The move follows claims in the Commons that top employment agencies have been needlessly selling personal accident insurance to low-paid workers.
The shadow business secretary Chuka Umunna accused the agencies of "profiteering" out of the practice.
But the industry said such firms are doing nothing wrong or illegal.
Mr Umunna named six agencies - Blue Arrow, Acorn, Taskmaster, Randstad, Meridian and Staffline - as being involved in the practice.
He said the insurance was often sold to workers on the Minimum Wage. He said that the personal accident policies were often not needed as workers were already covered by their employers.
"There is even a company - Gee 7 Group - which specialises in putting together these dubious arrangements for agencies," Mr Umunna said in the Commons.
However Gee 7 denied being involved in such insurance policies.
"We have never ever got involved in temporary accident cover," said Jon Pardoe, the managing director of Gee 7.
"We are aware of companies that do it, but we've always disagreed with the principle," he told the BBC. Such cover provides limited benefits and is in most instances unnecessary, he said.
The business secretary Vince Cable said if the practice had been happening, "it would be indefensible, and I think it is unlawful".
"I will commit to ensuring that we have a proper enforcement procedure," said Dr Cable.
He added that the companies would be investigated, and that he would also consider a more broad-based enquiry.
The Recruitment and Employment Confederation (REC), which represents recruitment agencies, said the companies concerned were offering a useful service.
Tom Hadley, the REC's director of policy, said many trade unions offer similar products.
"Let's be clear, employment agencies are not doing anything wrong by offering workers the opportunity to purchase accident insurance," he said.
"It's a product that many other organisations offer to their members, including trade unions."
But he added that profiteering was a very serious allegation, and asked Mr Umunna to hand over any evidence he has about the organisation's members.
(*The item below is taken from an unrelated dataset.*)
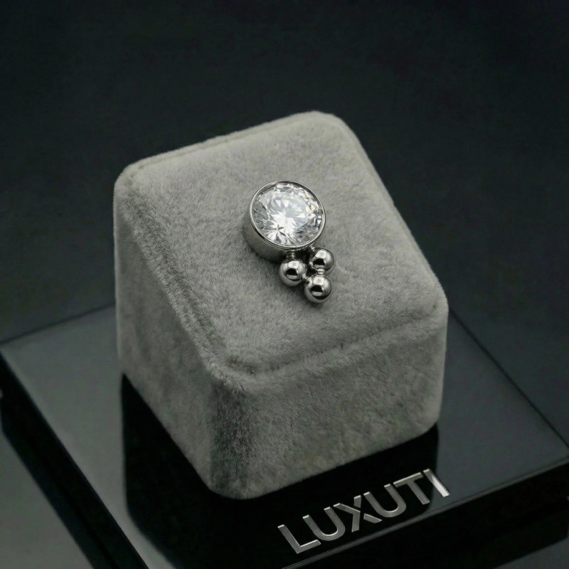 Implant Grade Titanium Internally Threaded Bezel Set Round CZ and Trinity Ball Cluster Top

He also said that many workers need insurance, to cover them for accidents when not at their place of work.
"Personal accident cover can be appropriate for workers in high risk sectors such as rail and construction and can also cover them for accidents off-site that would prevent them from working," he said.
One of the firms under attack from Mr Umunna, Blue Arrow, said the insurance was "offered," not "sold."
"Our consultants are fully trained and regulated in line with the Financial Conduct Authority's guidelines and are not paid commission as personal accident insurance is not a sales initiative," a spokesman said.
"We do not believe that any of our employees take out personal accident insurance without fully understanding the benefits and cost," he added.
Acorn, another agency involved, said it wholly rejected the allegations.
It said it introduced the policies when two foreign workers died in the UK, and their families were unable to fly the bodies home.
In answer to the claims about profiteering, a spokesman told the BBC: "We do make a small margin on the policy to cover the administration of the scheme but that is certainly not the primary reason we introduced it."